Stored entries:

╔══

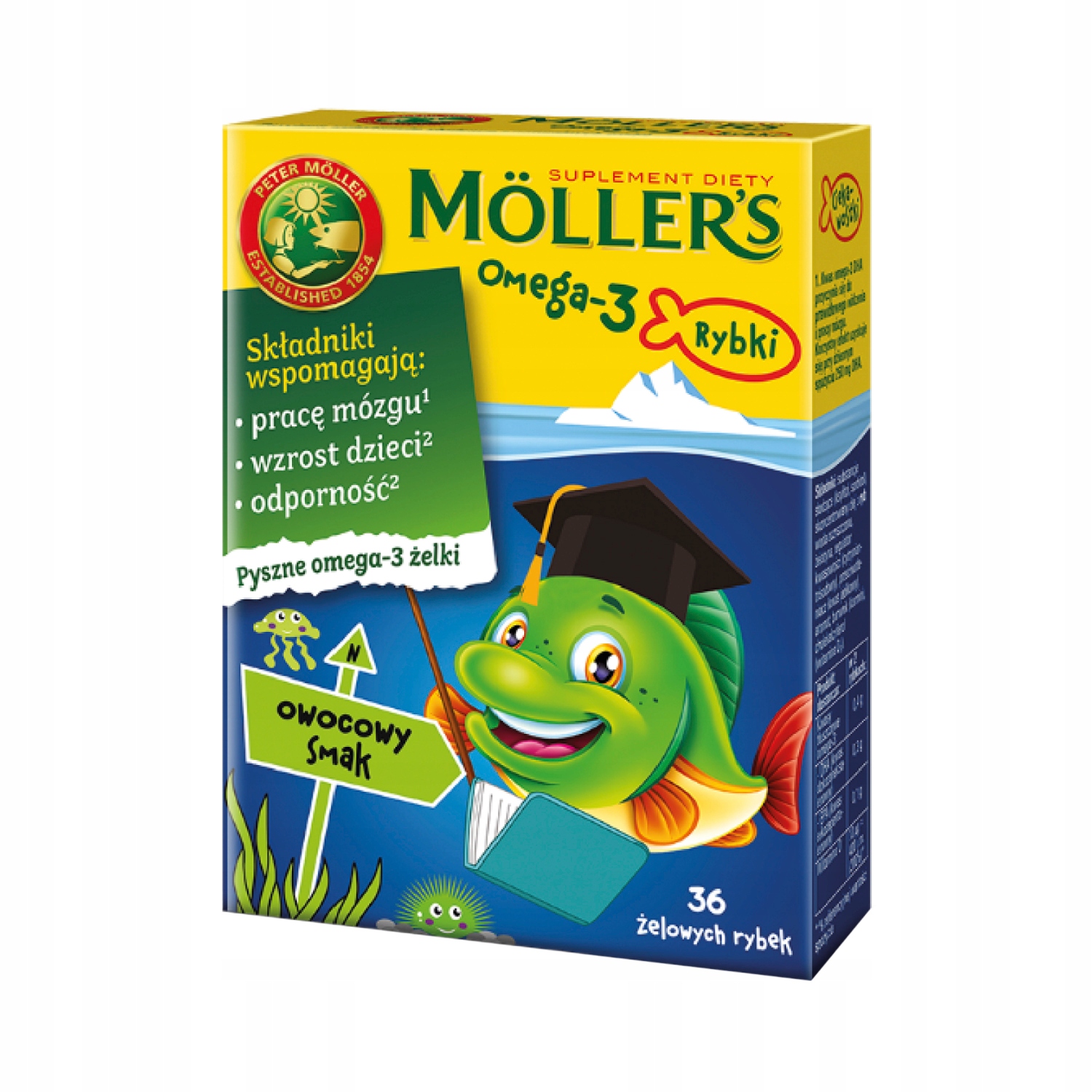 Möller's Omega-3 Fish - це омега-3 жирні кислоти EPA та DHA та вітамін D3 у формі смачного желе, яке не містять штучні барвники та підсолоджувачі.
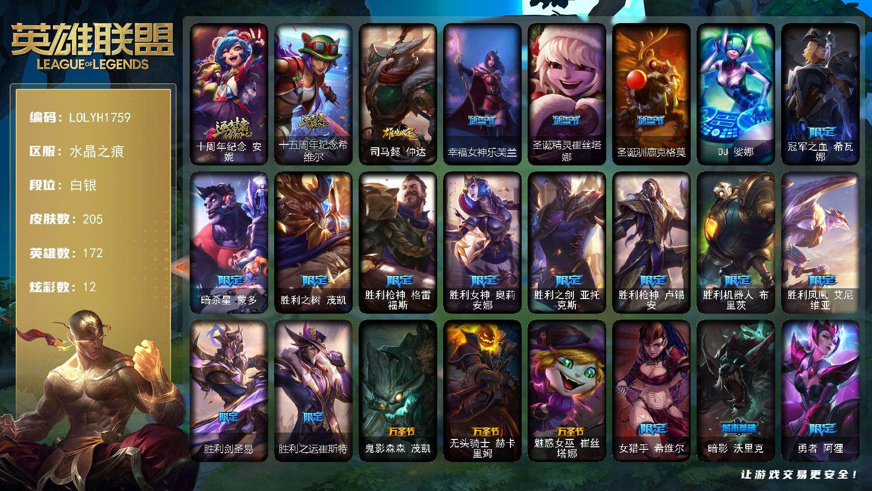 172英雄/205皮肤/1终极/2神话/23限定/1臻彩/12
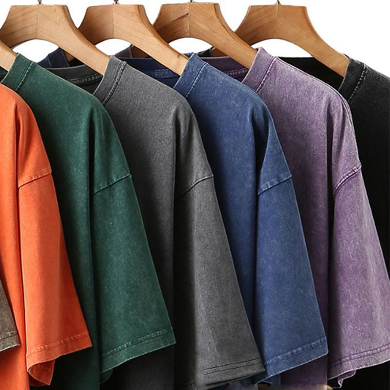 High Quality Custom T Shirt Cotton Drop Shoulder Vintage Plain Casual Acid wash Blank Oversized Heavyweight Men'S T-Shirts
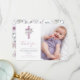 Ces le beau baptême floral vous remercient carde la caractéristique qu'une croix mauve-clair avec l'aquarelle rougissent, les fleurs mauve-clair et et blanches, et la photo de votre bébé.
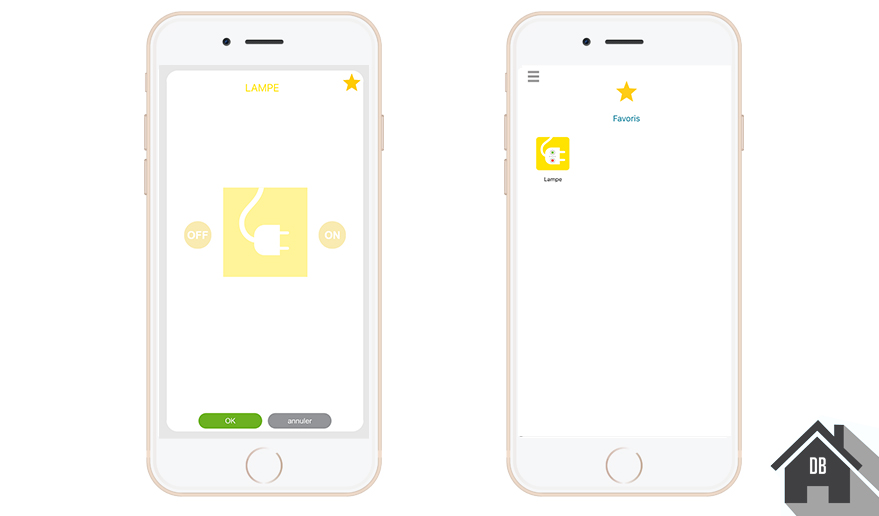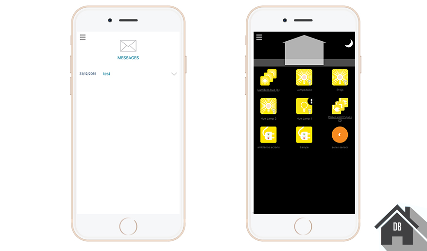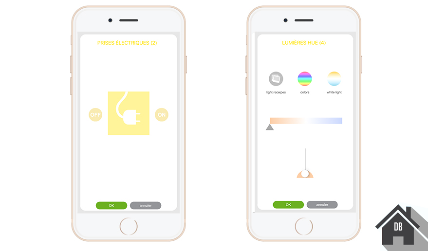 2 Depuis la page d’accueil, agissez simplement sur les périphériques, par exemple ici à gauche sur une prise commandée ou encore à droite sur une ampoule connecté Philips Hue.
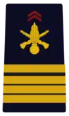 L'insigne de commandant est reconnaissable, sur les épaules ou au bout des manches de la veste, par quatre galons :
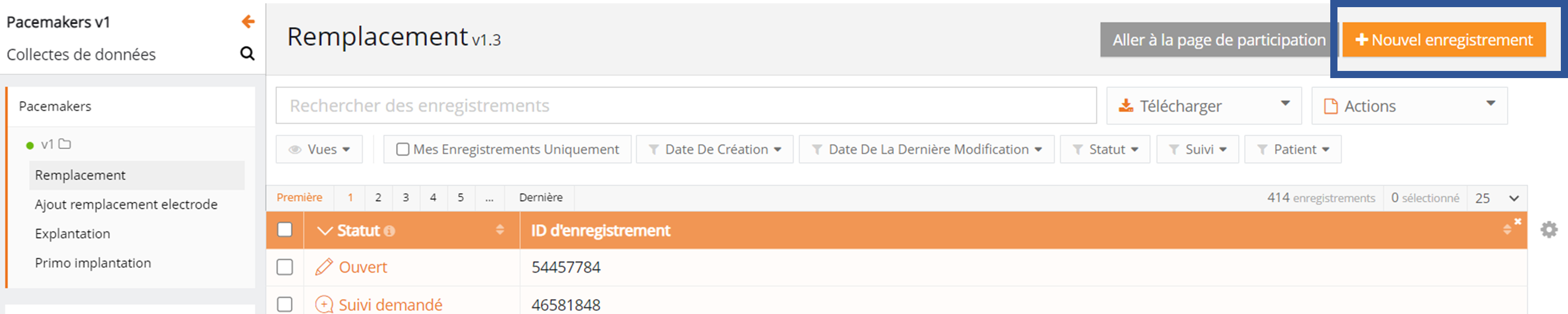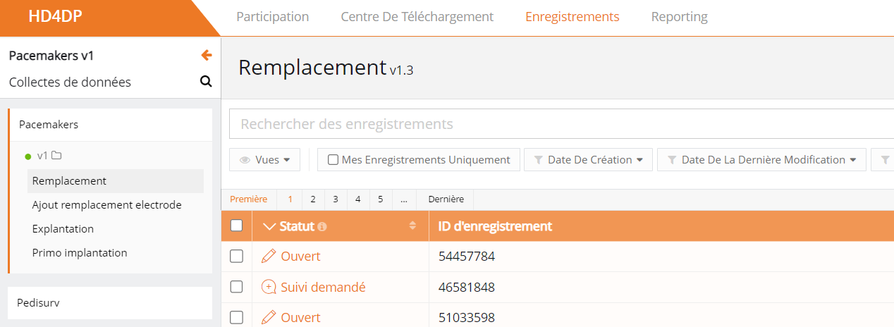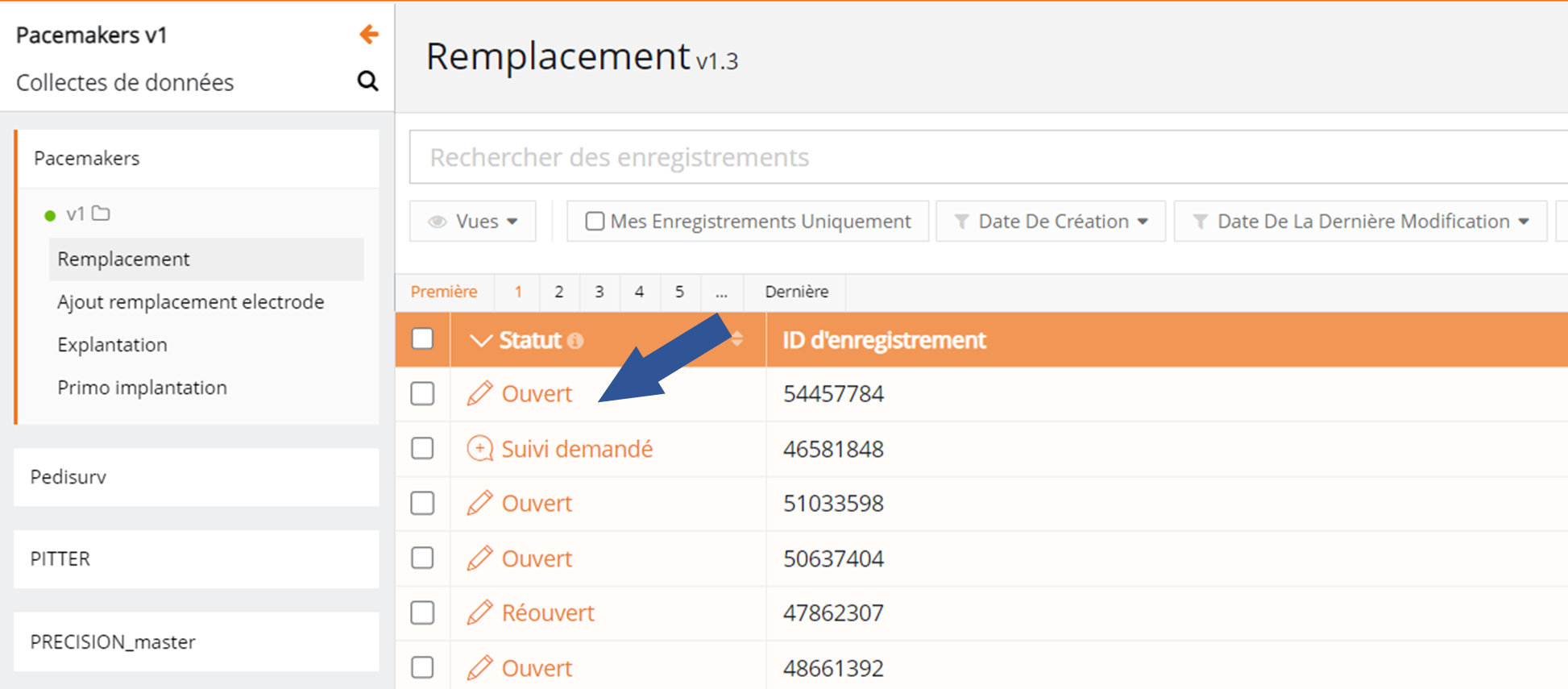 - Un enregistrement peut être « Réouvert » si nécessaire, tant que le statut de l'enregistrement est « Envoyé ».
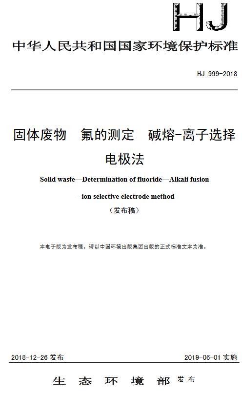 生態(tài)環(huán)境部發(fā)布《固體廢物 氟的測定 堿熔-離子選擇電極法》(發(fā)布稿)
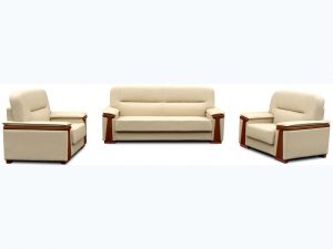 Bộ ghế sofa văn phòng được làm bằng khung gỗ, có ốp gỗ trang trí, ghế bọc da thật tại các vị trí tiếp xúc với người sử dụng. Gía bao gồm 01 ghế băng .

╚══

TASK REQUIREMENTS:
Return only the lines from the one that contains "2 Depuis la" through the closing line of the data, inclusive, reproduced exactly and with every picture left out.

YOUR RESPONSE:
 2 Depuis la page d’accueil, agissez simplement sur les périphériques, par exemple ici à gauche sur une prise commandée ou encore à droite sur une ampoule connecté Philips Hue.
 L'insigne de commandant est reconnaissable, sur les épaules ou au bout des manches de la veste, par quatre galons :
 - Un enregistrement peut être « Réouvert » si nécessaire, tant que le statut de l'enregistrement est « Envoyé ».
 生態(tài)環(huán)境部發(fā)布《固體廢物 氟的測定 堿熔-離子選擇電極法》(發(fā)布稿)
 Bộ ghế sofa văn phòng được làm bằng khung gỗ, có ốp gỗ trang trí, ghế bọc da thật tại các vị trí tiếp xúc với người sử dụng. Gía bao gồm 01 ghế băng .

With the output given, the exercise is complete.